__Assignment__
Every line of the listing below should be written out exactly, minus its images.

═══ Source material

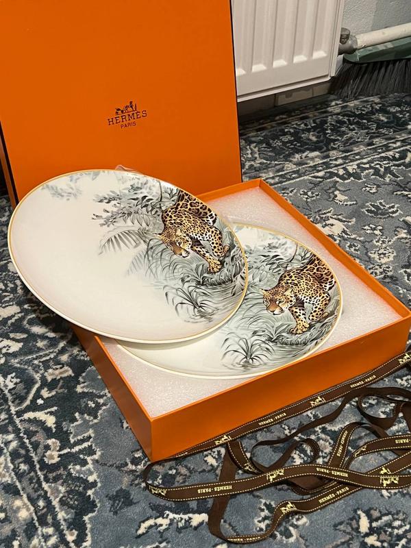 Нові 2 тарілки від Hermes з дорогої колекції Carnets d’Equateur. Купувались в Відні, оригінал. Ціна на сайті за 1-250 євро. Стан ідеальний, комплект повний з упаковкою та стрічкою. В моїх оголошеннях є посуд від Hermes, якщо цікаво подивіться. Відправляю поштою, по всім питання пишіть в повідомлення
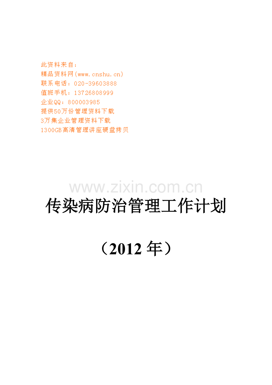 传染病防治管理工作计划
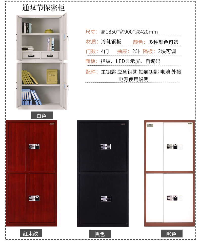 1、密碼文件柜:規(guī)格:H1850*W900*D420 2、產(chǎn)品說(shuō)明:按錯(cuò)密碼三次自動(dòng)報(bào)警5分鐘,人為破壞自動(dòng)報(bào)警5分鐘,2組密碼1-8位隨意設(shè)置,全鋼板結(jié)構(gòu) 。產(chǎn)品配置:內(nèi)配置二塊活動(dòng)層板可上下隨意調(diào)動(dòng),電路版1塊已按裝,應(yīng)急鑰匙1把用于忘記密碼和柜內(nèi)無(wú)電情況下使用,注意:應(yīng)急鑰匙要和主鑰匙分開(kāi)保管,因?yàn)閼?yīng)急鑰匙和主鑰匙同時(shí)使用不需要密碼就能打開(kāi)。電池4粒,注意經(jīng)常檢查電量,如電量不足時(shí),要急時(shí)更換,以免打不開(kāi),外接電池盒1個(gè)在內(nèi)部無(wú)電量時(shí)使用,說(shuō)明書(shū)1本說(shuō)明怎樣使用和設(shè)置自已的密碼,保修卡1張。 3、采用優(yōu)質(zhì)加厚鋼板,內(nèi)外表面磷化噴塑,內(nèi)藏式不易被撬門(mén)三方向多點(diǎn)鎖定,不易被撬,適用于地方:需要存放保密文件和包裹的單位和個(gè)人等等適用到此柜。 3、產(chǎn)品保養(yǎng): 1、放置:適宜放在干燥的地方。 2、清潔:如果表面有灰塵,使布擦干凈即可,不易清潔部分可先用牙膏涂抹后再清潔。
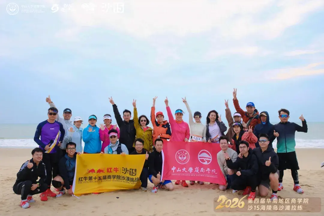 春节前夕,年味渐浓,中山大学岭南学院沙十五战队备战第十五届商学院沙漠挑战赛的征程已紧锣密鼓地展开。来在阳江海陵岛的碧海银沙之上,我院队员们全情投入为期两天的沙滩拉练。这不仅是一次体能的淬炼,也是一次沙15赛事的模拟。

══════

__Solution for this task__
 Нові 2 тарілки від Hermes з дорогої колекції Carnets d’Equateur. Купувались в Відні, оригінал. Ціна на сайті за 1-250 євро. Стан ідеальний, комплект повний з упаковкою та стрічкою. В моїх оголошеннях є посуд від Hermes, якщо цікаво подивіться. Відправляю поштою, по всім питання пишіть в повідомлення
 传染病防治管理工作计划
 1、密碼文件柜:規(guī)格:H1850*W900*D420 2、產(chǎn)品說(shuō)明:按錯(cuò)密碼三次自動(dòng)報(bào)警5分鐘,人為破壞自動(dòng)報(bào)警5分鐘,2組密碼1-8位隨意設(shè)置,全鋼板結(jié)構(gòu) 。產(chǎn)品配置:內(nèi)配置二塊活動(dòng)層板可上下隨意調(diào)動(dòng),電路版1塊已按裝,應(yīng)急鑰匙1把用于忘記密碼和柜內(nèi)無(wú)電情況下使用,注意:應(yīng)急鑰匙要和主鑰匙分開(kāi)保管,因?yàn)閼?yīng)急鑰匙和主鑰匙同時(shí)使用不需要密碼就能打開(kāi)。電池4粒,注意經(jīng)常檢查電量,如電量不足時(shí),要急時(shí)更換,以免打不開(kāi),外接電池盒1個(gè)在內(nèi)部無(wú)電量時(shí)使用,說(shuō)明書(shū)1本說(shuō)明怎樣使用和設(shè)置自已的密碼,保修卡1張。 3、采用優(yōu)質(zhì)加厚鋼板,內(nèi)外表面磷化噴塑,內(nèi)藏式不易被撬門(mén)三方向多點(diǎn)鎖定,不易被撬,適用于地方:需要存放保密文件和包裹的單位和個(gè)人等等適用到此柜。 3、產(chǎn)品保養(yǎng): 1、放置:適宜放在干燥的地方。 2、清潔:如果表面有灰塵,使布擦干凈即可,不易清潔部分可先用牙膏涂抹后再清潔。
 春节前夕,年味渐浓,中山大学岭南学院沙十五战队备战第十五届商学院沙漠挑战赛的征程已紧锣密鼓地展开。来在阳江海陵岛的碧海银沙之上,我院队员们全情投入为期两天的沙滩拉练。这不仅是一次体能的淬炼,也是一次沙15赛事的模拟。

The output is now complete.